Figure 3. Genetic characteristics of RAD51C- and PALB2- altered TNBCs.

(A) Circos plot of a BRCA1 germline altered TNBC case classified as HRDetect-high. Circos plot depicting from outermost rings heading inwards: Karyotypic ideogram outermost. Base substitutions next, plotted as rainfall plots (log10 intermutation distance on radial axis, dot colours: blue, C>A; black, C>G; red, C>T; grey, T>A; green, T>C; pink, T>G). Ring with short green lines, insertions; ring with short red lines, deletions. Major copy number allele ring (green, gain), minor copy number allele ring (red, loss), Central lines represent rearrangements (green, tandem duplications; red, deletions; blue, inversions; grey, interchromosomal events). (B) Circos plot of a BRCA2 germline altered TNBC case classified as HRDetect-high. (C) Circos plot and mutational signatures of a PALB2 biallelic altered TNBC case classified as HRDetect-high, histograms below show distribution of substitution signatures (left), rearrangement signatures (right), and deletions and insertions (center) as defined in. Del: deletion. (D) Circos plots and mutational signatures of a RAD51C hypermethylated TNBC case classified as HRDetect-high. (E) Principal component analysis (PCA) of the six normalized HRDetect components for the 237 TNBC cases annotated by their BRCA1, BRCA2, PALB2, or RAD51C status. The plot displays PCA component 1 and 3 (accounting for 92.3% of variation across the six HRDetect components), showing the separation of biallelic BRCA2, biallelic PALB2, and RAD51C hypermethylated cases into a common sector (light grey), indicating similarities of HRDetect features.

Figure 4. Association of HRDetect classification with clinical outcomes in an unselected population-based TNBC cohort.

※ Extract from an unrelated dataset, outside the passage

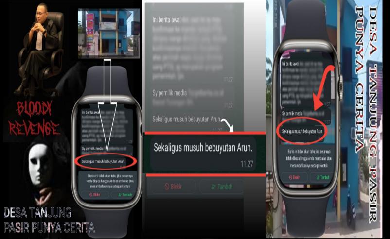 Saat ini Noven Saputera,S.H. Kuasa Hukum dari saudara Arun,S.Ip kembali mengungkapkan telah ditemukan lagi satu kejanggalan dimana menyebutkan dalam bukti chat yang secara otomatis pengakuan atas dirinya sendiri bahwa beliau atau diduga salah satu aktor dari serangan pemberitaan yang dimuat yang tentunya memojokan Klien kami tersebut menyebutkan Kades Arun S.Ip merupakan Musuh Bebuyutannya.
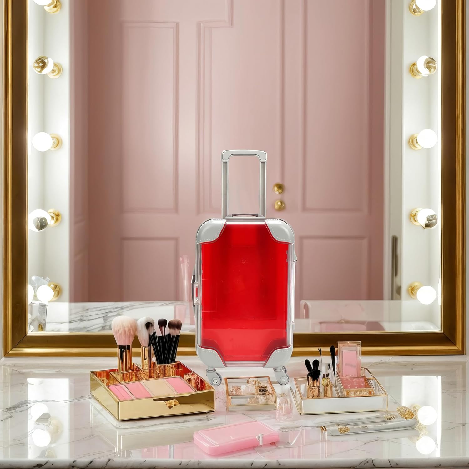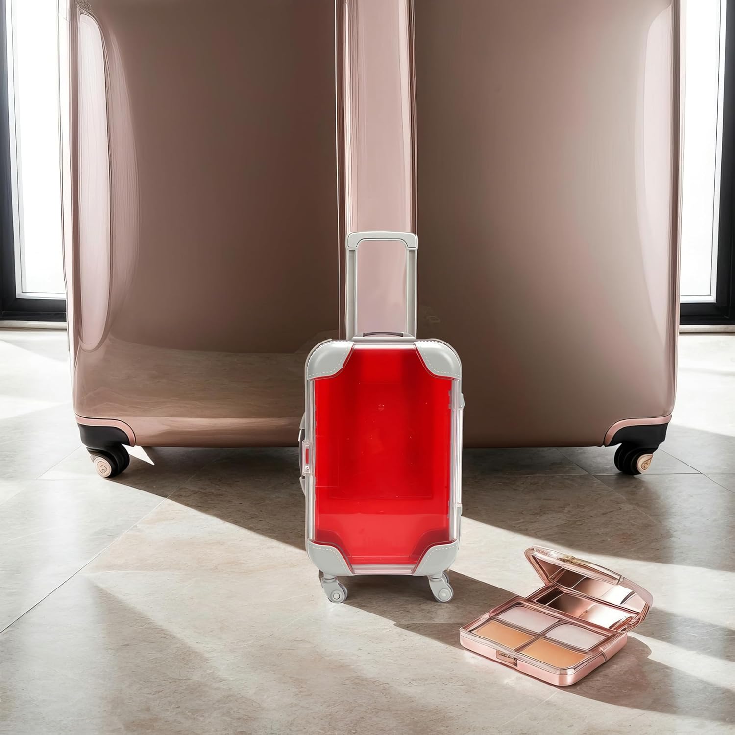 False Eyelash Storage Box, Portable Travel Organizer Mini Luggage False Eyelash Tray Makeup Tool (RED)

Kaplan-Meier analysis of association with outcome for HRDetect classification in TNBC patients treated with standard-of-care adjuvant chemotherapy (ACT) for (A) distant relapse-free interval (DRFI) as endpoint, (B) invasive disease-free survival (IDFS) as endpoint, and (C) overall survival (OS) as endpoint. (D) Invasive disease-free survival (IDFS) as endpoint showing both adjuvantly treated and untreated patients stratified by HRDetect status. (E) Distribution of patient age between HRDetect high and low groups stratified by treatment and eligibility for IDFS analysis. Box-plot elements correspond to: i) center line = median, ii) box limits = upper and lower quartiles, iii) whiskers = 1.5x interquartile range. Right axis provides number of patients in each group. (F) Kaplan-Meier analysis of association with IDFS of HRDetect-high group demonstrating no significant difference between subjects where BRCA alterations were and were not identified. All p-values in panels A-F were calculated using the log-rank test and are two-sided.